0000033046 00000 n Published by Elsevier Inc. In contrast, the stem cell source was linked with a strong difference in OS at 2 years favoring the of use of BM over PB (72% [95% CI, 55% to 89%] versus 31% [95% CI, 17% to 46%]; The use of PT-Cy was associated with improved OS, with a 2-year OS of 54% (95% CI, 41% to 68%) vs 25% (95% CI, 1% to 48%) using no PT-Cy (. Copyright © 2020 Elsevier Inc. except certain content provided by third parties.  | 

0000112812 00000 n This work was presented in part at the 44th annual meeting of the European Society for Blood and Marrow Transplantation, Lisbon, Portugal, March 18-21, 2018.

Relapse was defined as morphologic, cytogenetic, or molecular leukemia recurrence. 0000003875 00000 n Table 1 shows the characteristics of patients and their disease for myeloablative regimens.

Find NCBI SARS-CoV-2 literature, sequence, and clinical content: https://www.ncbi.nlm.nih.gov/sars-cov-2/. Outcomes of Haploidentical Transplantation in Patients with Relapsed Multiple Myeloma: An EBMT/CIBMTR Report. Comparable overall survival after haploidentical compared with matched unrelated donor transplant for AML. After reduced intensity conditioning transplantation, consistent with the main analyses, there are no differences in survival, relapse risks are higher after haploidentical transplantation and grade 3-4 acute GVHD, and chronic GVHD risks are higher after HLA-matched unrelated donor transplantation. Outcomes were analyzed only for patients with complete relapse information (n = 93).
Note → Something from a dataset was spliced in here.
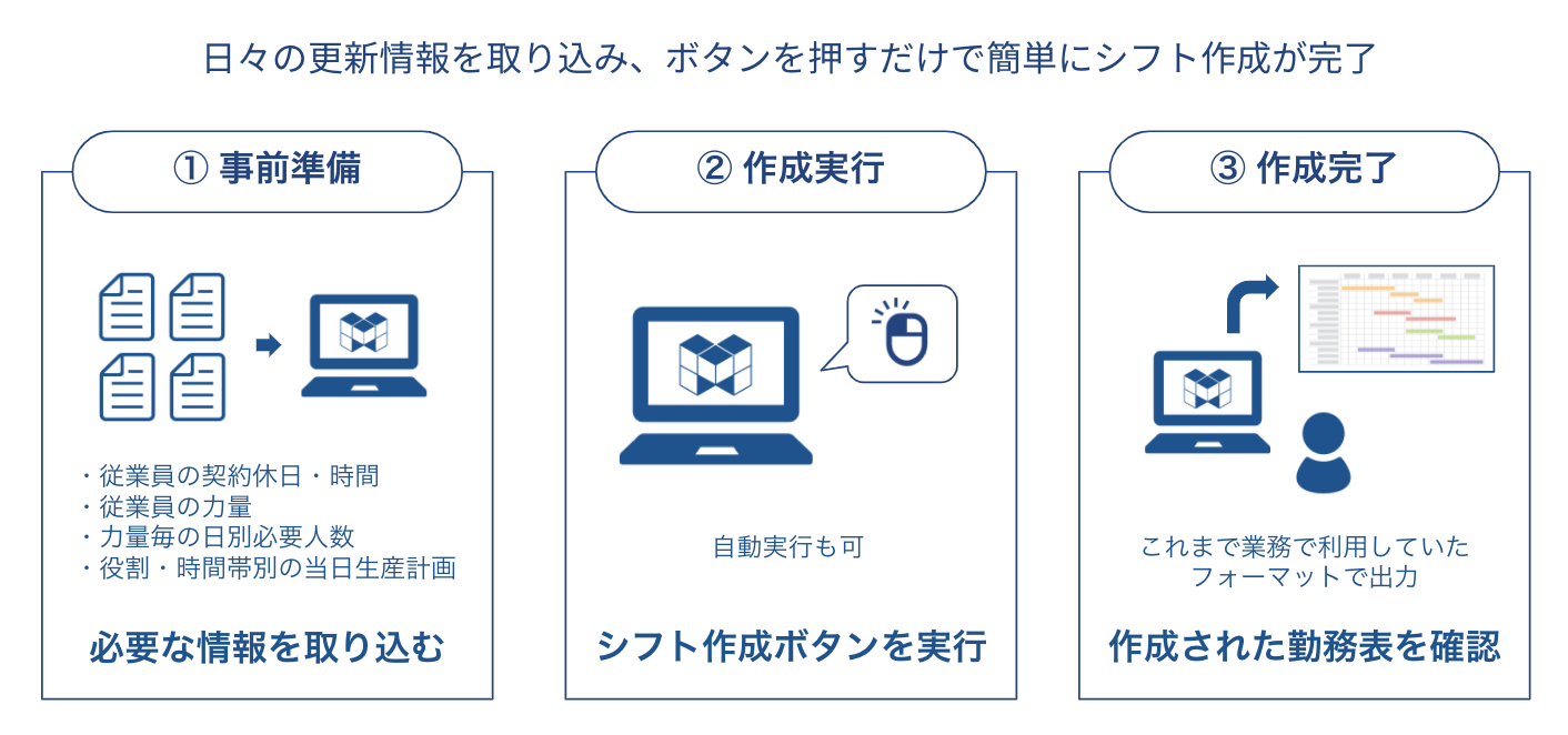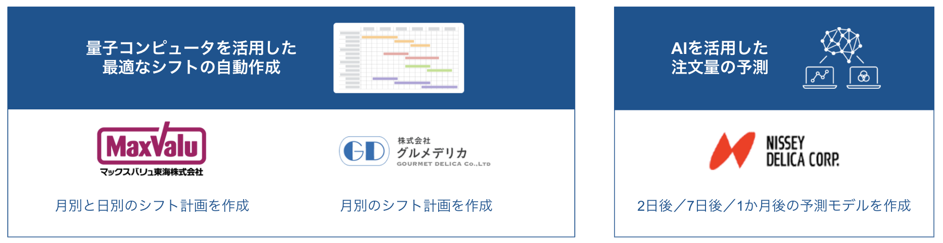 このほど、マックスバリュ東海株式会社(本社:静岡県浜松市、代表取締役社長:神尾啓治)と株式会社グルメデリカ(本社:埼玉県所沢市、代表取締役社長:関口繁幸)で、シフト作成システムの現場運用を開始したことをお知らせします。また、株式会社ニッセーデリカ(本社:東京都千代田区、代表取締役社長:川手康正)では、注文量予測モデルの活用に取り組んでいます。

Supplemental tables (PDF, 101 KB), https://doi.org/10.1182/blood-2015-04-639831. Since 2015, 66 HAPLO were done in 64 patients, which include 21 transplants in 2018. Epub 2020 Apr 10. Giralt S, Costa LJ, Maloney D, Krishnan A, Fei M, Antin JH, Brunstein C, Geller N, Goodman S, Hari P, Logan B, Lowsky R, Qazilbash MH, Sahebi F, Somlo G, Rowley S, Vogl DT, Vesole DH, Pasquini M, Stadtmauer E. Biol Blood Marrow Transplant.

0000251603 00000 n Tandem Autologous-Autologous versus Autologous-Allogeneic Hematopoietic Stem Cell Transplant for Patients with Multiple Myeloma: Long-Term Follow-Up Results from the Blood and Marrow Transplant Clinical Trials Network 0102 Trial.